Reject Muon optimizer with reduce_scatter in ZeRO-1/2 by whycoming · Pull Request #8090 · deepspeedai/DeepSpeed

whycoming · 2026-06-25T12:16:11Z

Summary

ZeRO-1/2 silently produces incorrect, rank-divergent parameter updates when the Muon optimizer is used together with reduce_scatter (the default). This adds an explicit error at initialization, mirroring the existing ZeRO-3 guard, and includes a regression test. Closes #7807.

Root cause

Muon's Newton-Schulz orthogonalization is a whole-matrix operation: the rank that updates a parameter must hold that parameter's complete, fully-reduced gradient matrix, then take its partition slice of the orthogonalized result.

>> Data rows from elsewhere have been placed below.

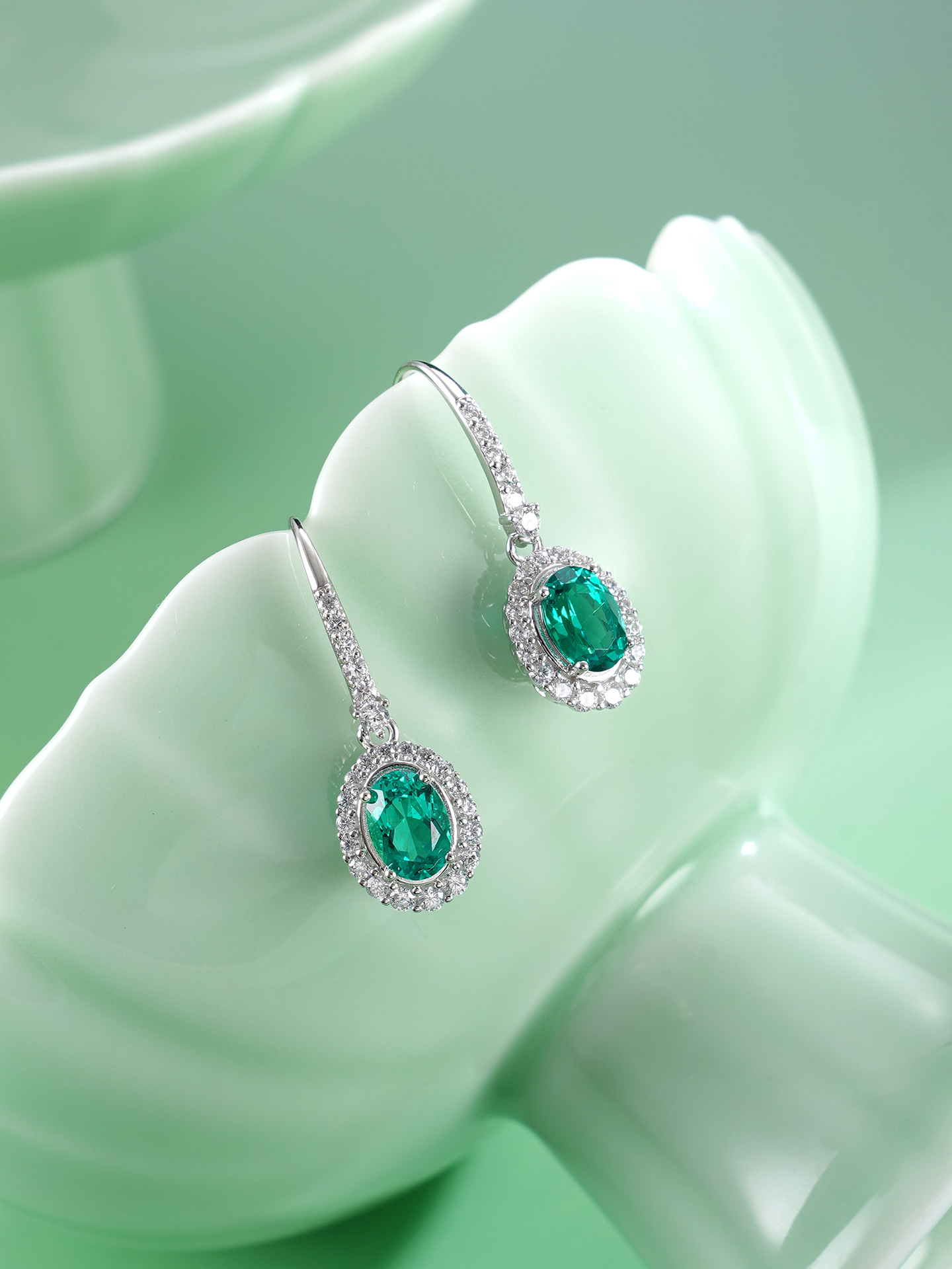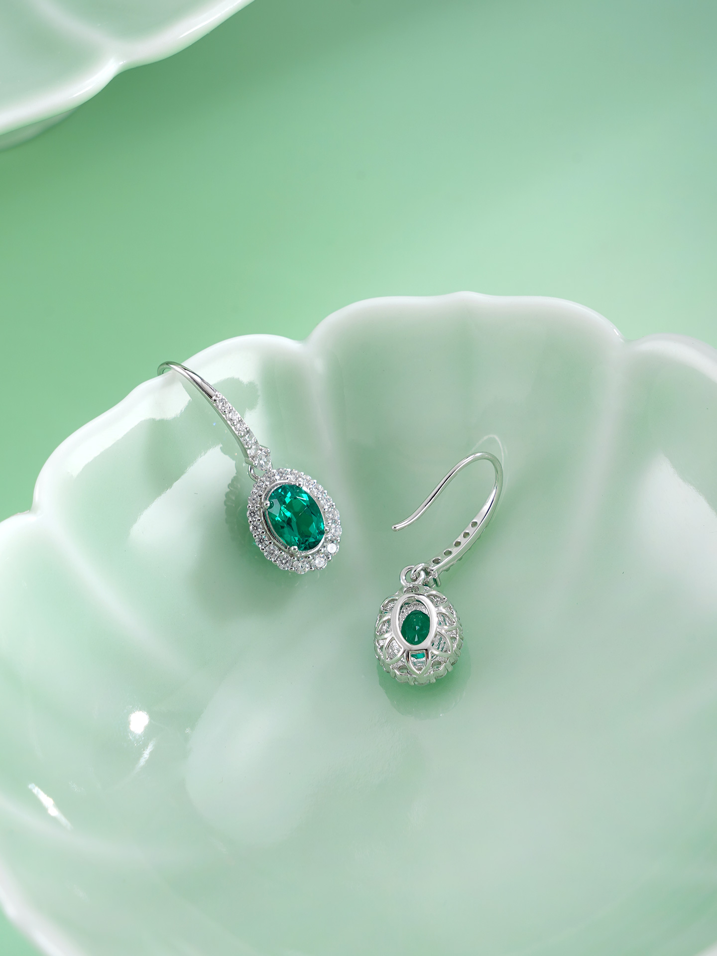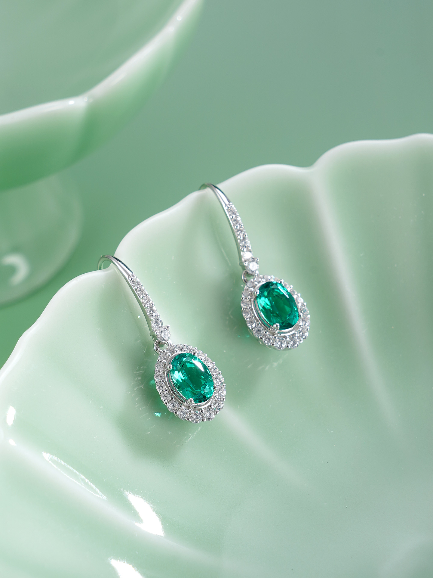 子佩集【翠御玲珑】S925银耳环【EM3085-1-XF】培育宝石祖母绿椭圆耳钩2510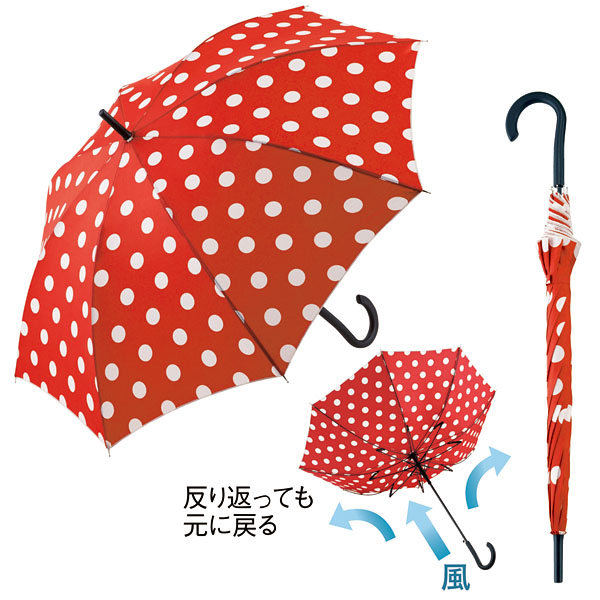 強風時でも安心の「耐風傘」、骨のしなりや構造などに工夫し、耐風性を実現しました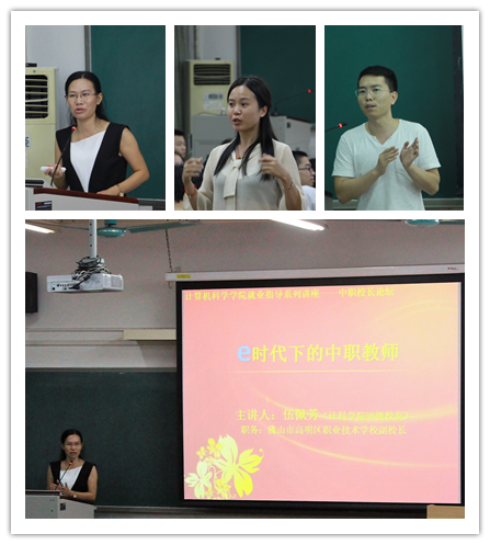 10月12日晚,在二教403课室举行中职校长论坛。本次讲座的主题为“E时代下的中职教师”,主讲嘉宾是来自佛山市高明区职业技术学校的副校长同时也是98级校友伍佩芳和13级校友蔡钰莹。讲座由学院团总支书记曾祥书主持。
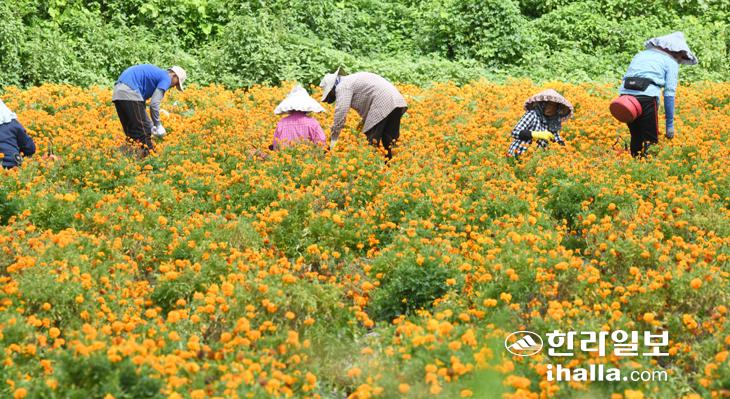 4일 서귀포시 대정읍 한 밭에서 농민들이 한낮의 뜨거운 열기를 이겨내며 메리골드를 수확하고있다. 메리골드는 국화과의 천수국속의 식물을 통칭한다. 꽃말은 우정, 예언이다. 이상국기자
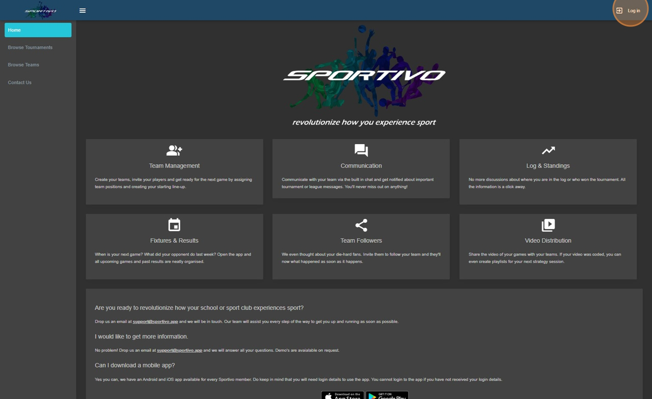 1. Navigate to https://sportivo.app/admin/#/public/home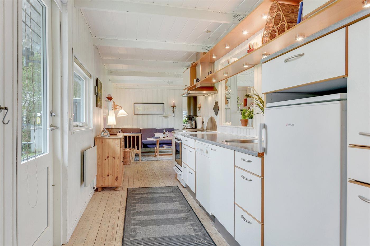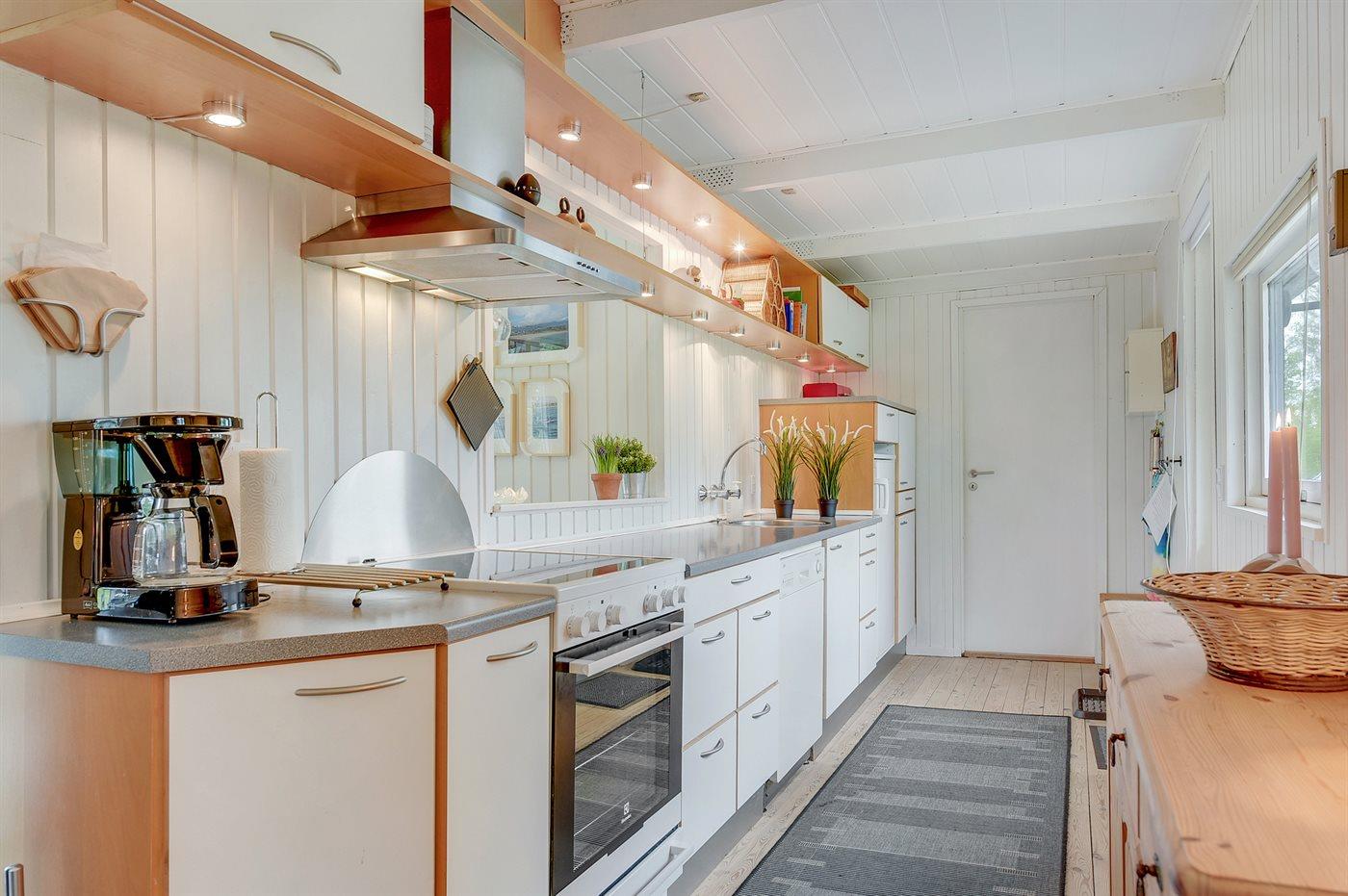 Køkkenet er udstyret med 1 køleskab. Der er 4 keramiske kogeplader, varmluftovn, mikrobølgeovn samt opvaskemaskine.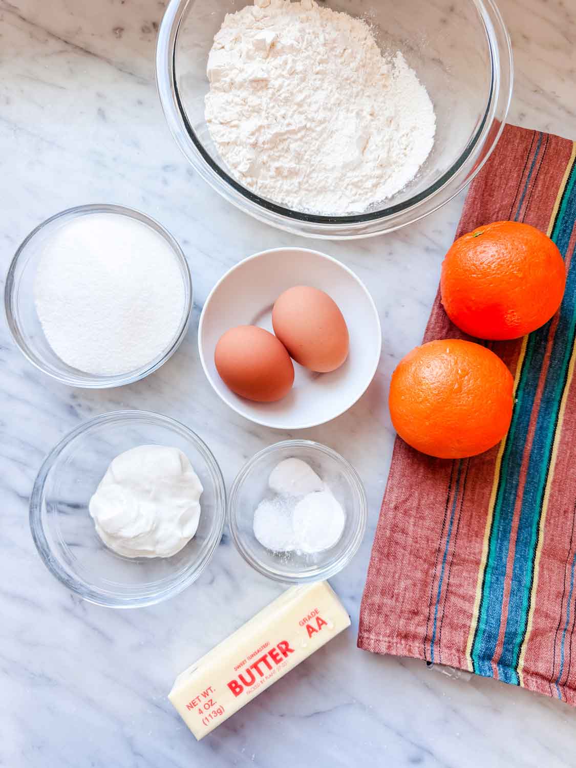 To make the glaze, mix powdered sugar and the juice and zest of one orange. Spread on top of cakes.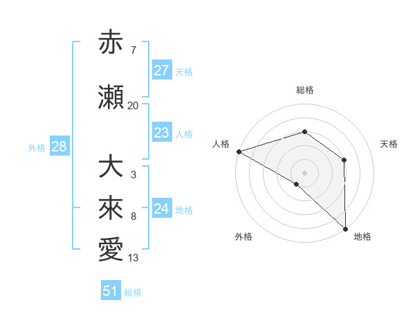 赤瀬 大來愛さんを姓名の画数から五運を鑑定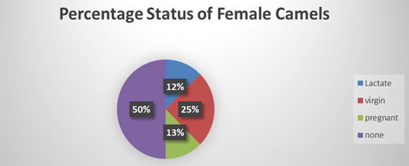 On the status of the female camels admitted to this study, of the 7 female camels that their 14.3 % were lactating, 14.3 % were pregnant, 28.6% were virgins and 57.1 % were having no condition among the mentioned status.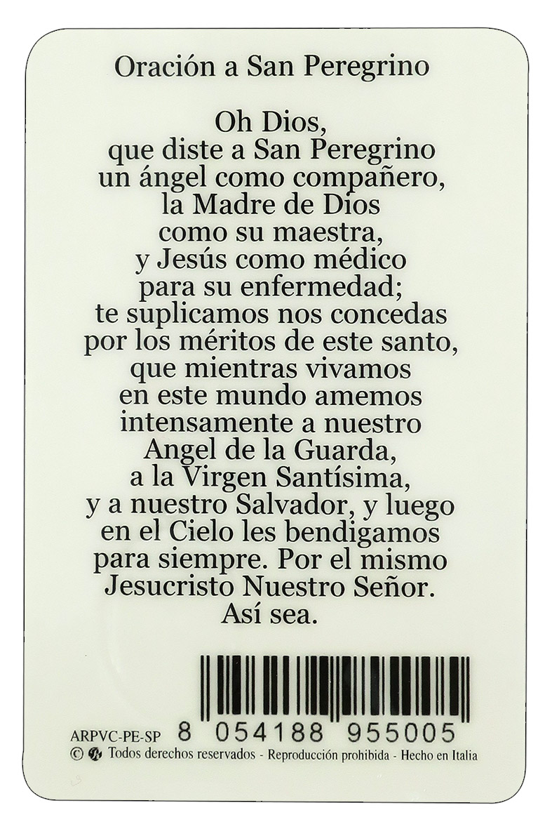 Questa immagine plastificata rappresenta San Pellegrino ed è impreziosita da una medaglia in resina a colori che ha attorno una cornice in argento a caldo.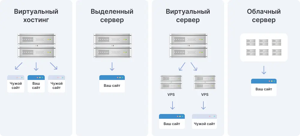 - Выделенный сервер — для крупных проектов с высокой нагрузкой.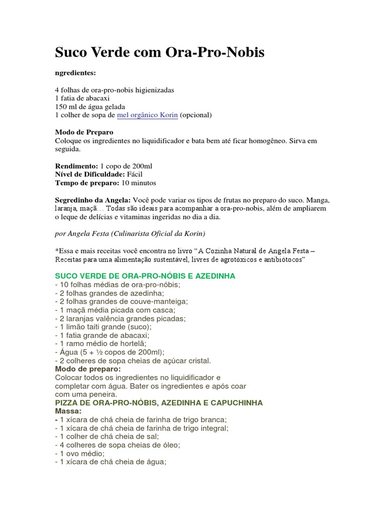Essa é uma receita bem versátil pois cai muito bem como entrada petisco e até acompanhamento. Rodrigo almeida teixeira. Suco de ora pro nobis 20 folhas de ora pro nobis 1 manga grande 1 fatia de abacaxi e 500 ml de água.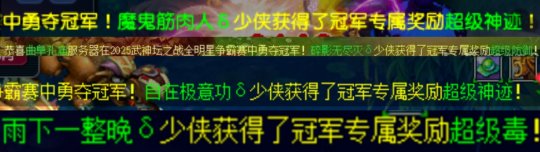 曲阜孔庙服战队勇夺武神坛明星赛冠军后,参与报名的九位角色均获得了领取超级兽诀的资格。这也是继武神坛巅峰赛后,他们再次开启这一珍贵奖励。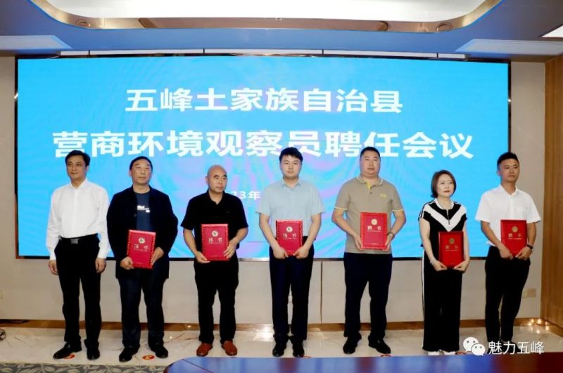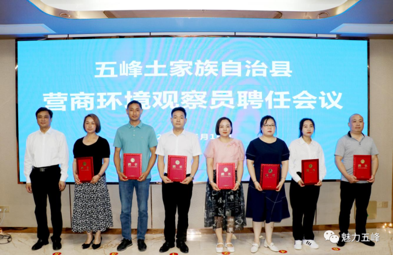 6月16日,全县营商环境观察员聘任会议在武汉·五峰民族工业园召开,为首批26名观察员颁发聘书。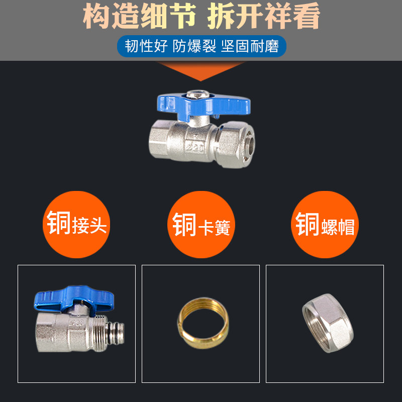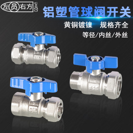 铝塑管阀门1216/1418/1620/2025/2632转4分6分1寸内外丝黄铜球阀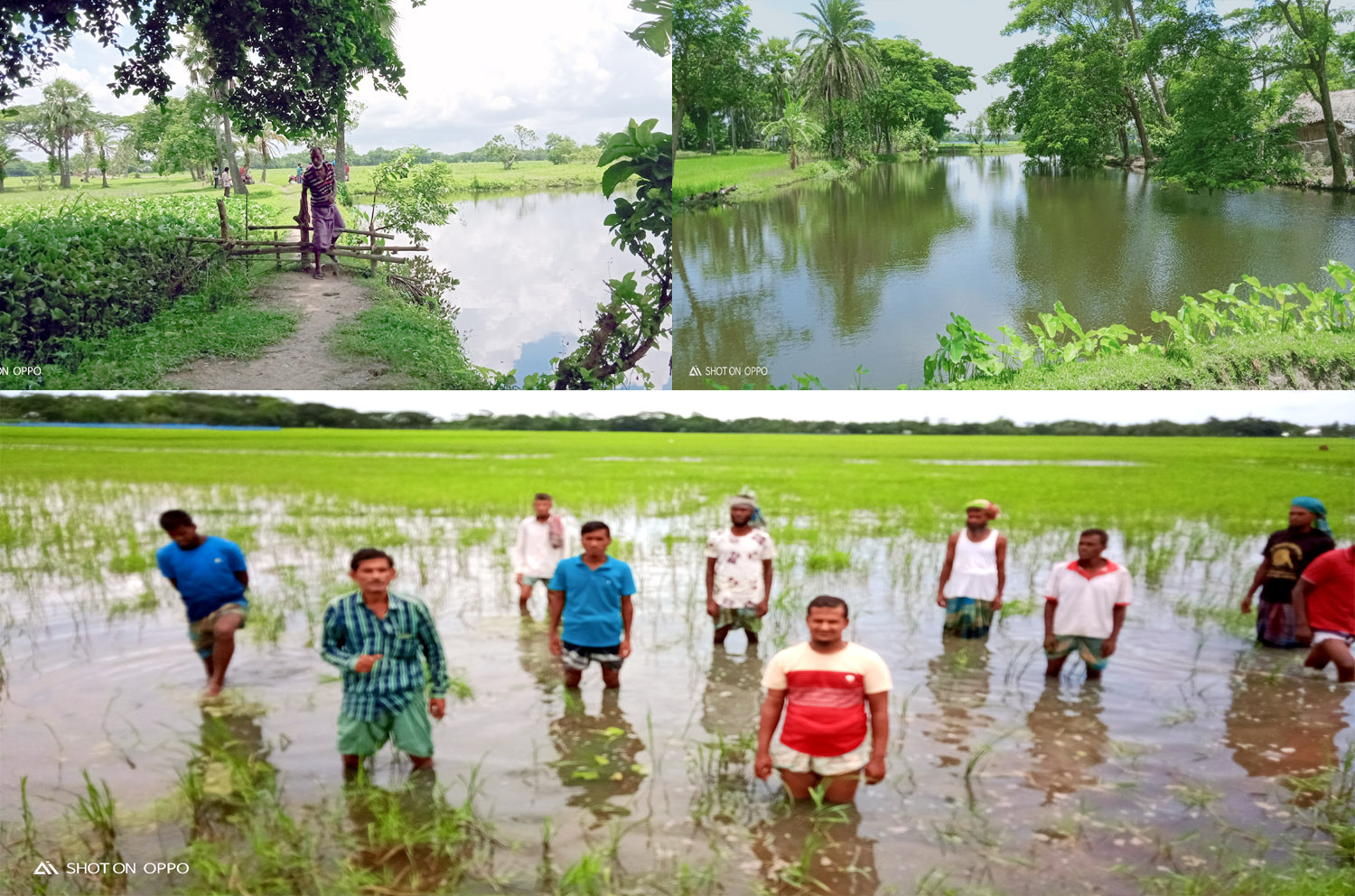 সরেজমিনে দেখা গেছে, নোমর হাট লাগোয়া পাঁচজুনিয়া কোলার প্রায় দু’হাজার একর কৃষি জমি পানির নিছে তলিয়ে রয়েছে। কোথাও কোমর সমান আবার কোথাও হাটু সমান। কৃষকরা বলেছেন,আমন ধানের মওসুমের অর্ধেকটা সময় পার হয়ে গেছে ইতোমধ্যেই। কিন্তু এখও তারা বীজ তলাই করতে পারেনি। এলাকার শহীদ হাওলাদার, খলীল মুন্সী, স্বপন হাওলাদার, জাহিদ মৃধা, জহিরুল মুন্সী, হাসান হাওলাদার একটি করে এবং আলমগীর হাওলাদার, ওহাব মৃধা, আফজাল হাওলাদার, আনছার উদ্দিন মোল্লা ও রিয়াজ মোল্লা দু’টি করে ঘের তৈরি করেছে।

get_flat_partition() (deepspeed/runtime/zero/stage_1_and_2.py) applies muon_update() to each parameter's gradient reshaped to its full 2-D shape, and only then narrows to this rank's partition.
With reduce_scatter=True, average_tensor() reduce-scatters the gradients: each rank receives the averaged values only for its own partition slice. For the rest of a parameter whose flattened gradient crosses a partition boundary, the rank still holds its local, un-all-reduced gradient.
So for any cross-partition parameter, no rank holds the full reduced matrix. muon_update orthogonalizes a partly-reduced, rank-divergent matrix, and each rank silently applies a different, incorrect update. Parameters that lie wholly inside one partition are unaffected — exactly matching the report.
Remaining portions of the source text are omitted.